Your instructions:
Transcribe every line of the material below without change, apart from dropping the pictures.

Dataset section:
================

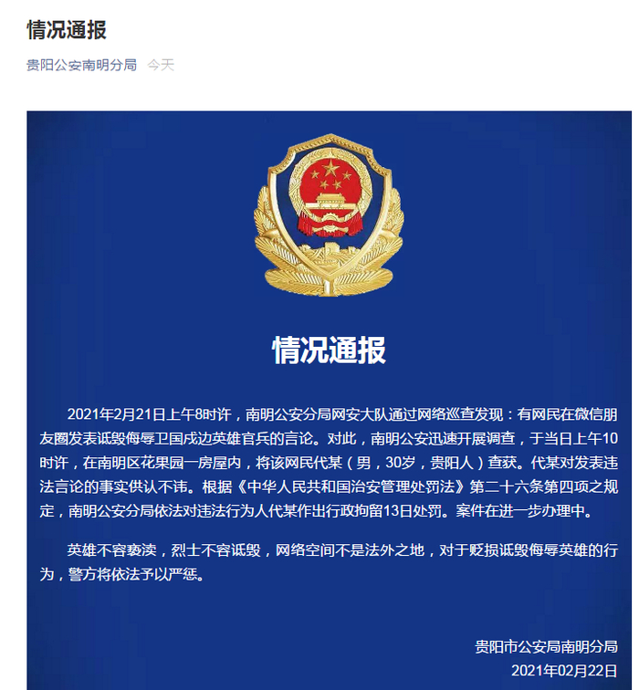 据贵州南明公安分局2月22日官方微信通报:2021年2月21日上午8时许,南明公安分局网安大队通过网络巡查发现:有网民在微信朋友圈发表诋毁侮辱卫国戍边英雄官兵的言论。对此,南明公安迅速开展调查,于当日上午10时许,在南明区花果园一房屋内,将该网民代某(男,30岁,贵阳人)查获。代某对发表违法言论的事实供认不讳。根据《中华人民共和国治安管理处罚法》第二十六条第四项之规定,南明公安分局依法对违法行为人代某作出行政拘留13日处罚。案件在进一步办理中。英雄不容亵渎,烈士不容诋毁,网络空间不是法外之地,对于贬损诋毁侮辱英雄的行为,警方将依法予以严惩。
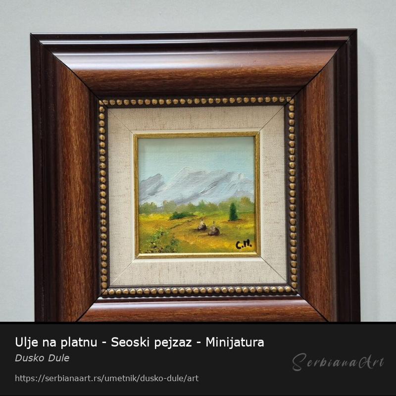 Ulje na platnu Seoski pejzaz, prelepo umetnicko delo. Minijatura. Slika je uramljena u jako lep ram, dimenzije slike sa ramom 26 x 26. Privatna kolekcija.
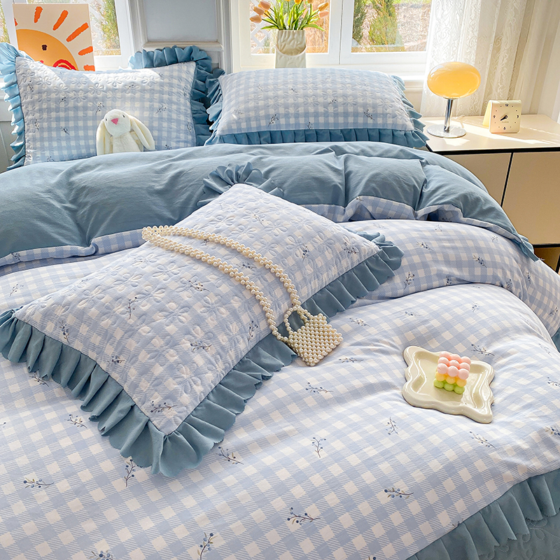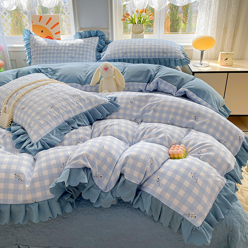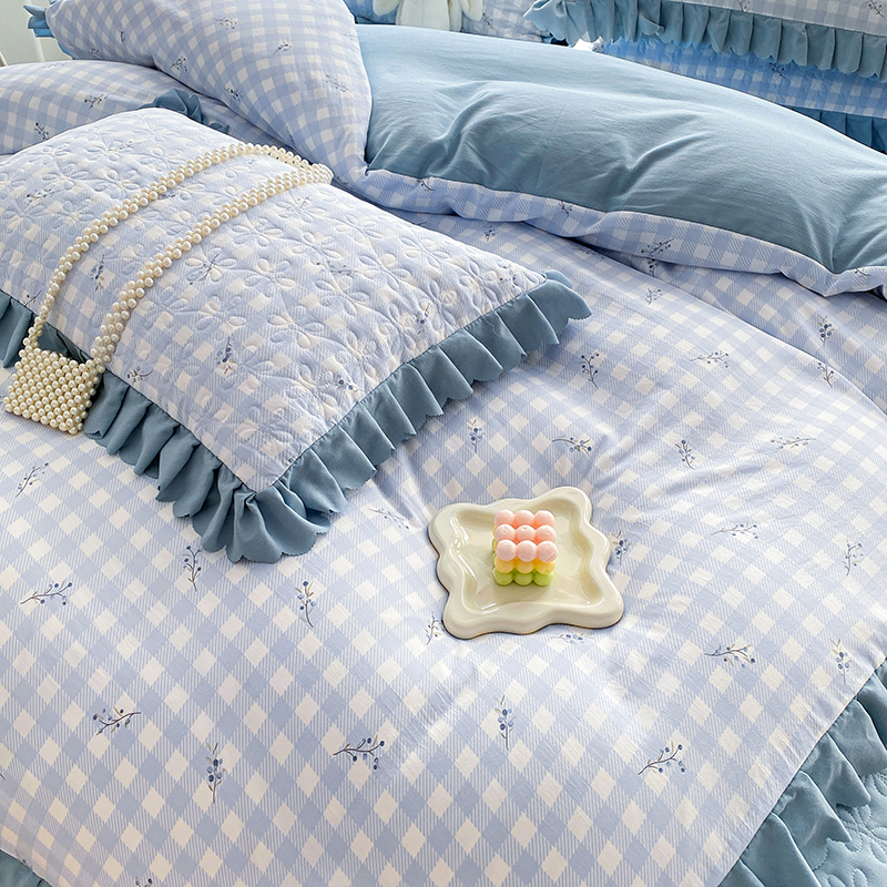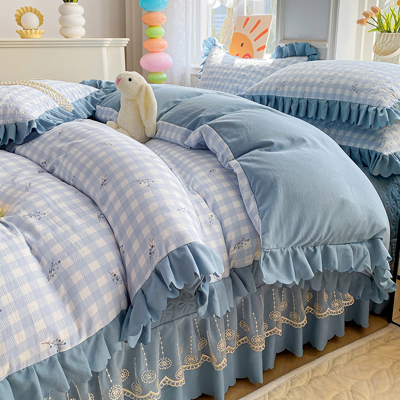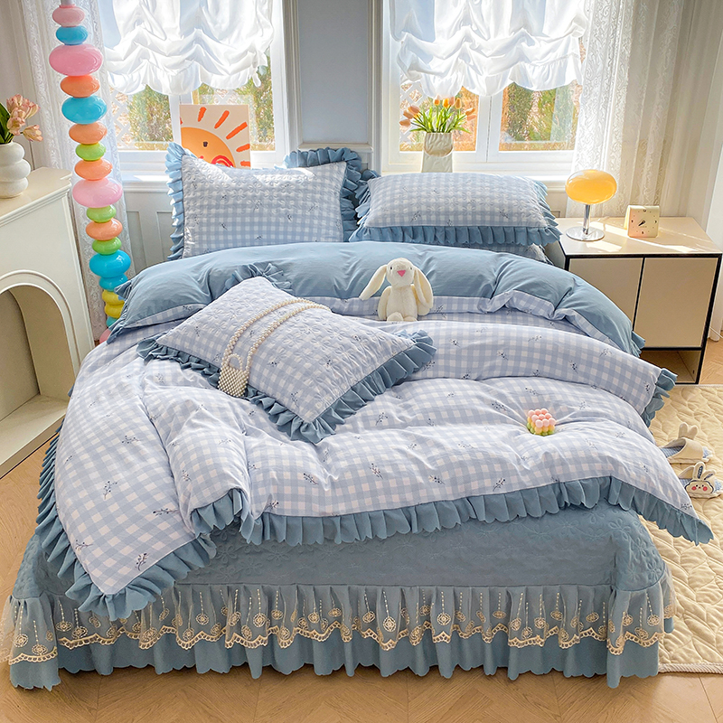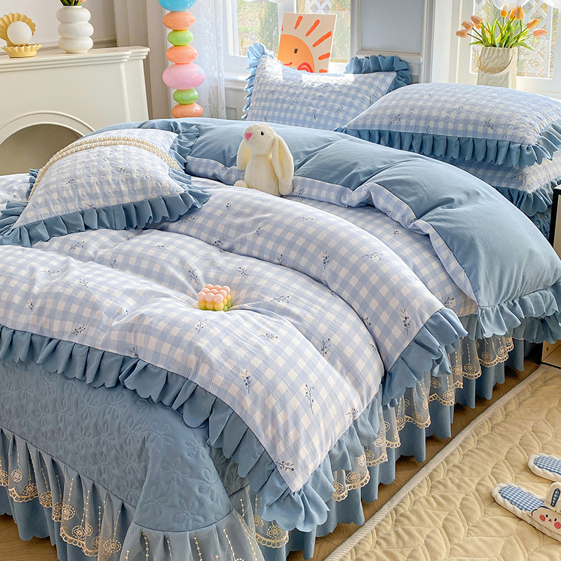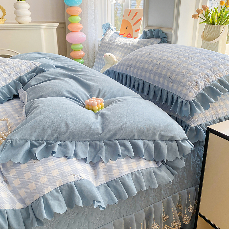提花大世界 2025直播热款A类针织棉双层纱夹棉床盖床裙花边单件三件四件套 蓝色格调

================

Response area:
 据贵州南明公安分局2月22日官方微信通报:2021年2月21日上午8时许,南明公安分局网安大队通过网络巡查发现:有网民在微信朋友圈发表诋毁侮辱卫国戍边英雄官兵的言论。对此,南明公安迅速开展调查,于当日上午10时许,在南明区花果园一房屋内,将该网民代某(男,30岁,贵阳人)查获。代某对发表违法言论的事实供认不讳。根据《中华人民共和国治安管理处罚法》第二十六条第四项之规定,南明公安分局依法对违法行为人代某作出行政拘留13日处罚。案件在进一步办理中。英雄不容亵渎,烈士不容诋毁,网络空间不是法外之地,对于贬损诋毁侮辱英雄的行为,警方将依法予以严惩。
 Ulje na platnu Seoski pejzaz, prelepo umetnicko delo. Minijatura. Slika je uramljena u jako lep ram, dimenzije slike sa ramom 26 x 26. Privatna kolekcija.
提花大世界 2025直播热款A类针织棉双层纱夹棉床盖床裙花边单件三件四件套 蓝色格调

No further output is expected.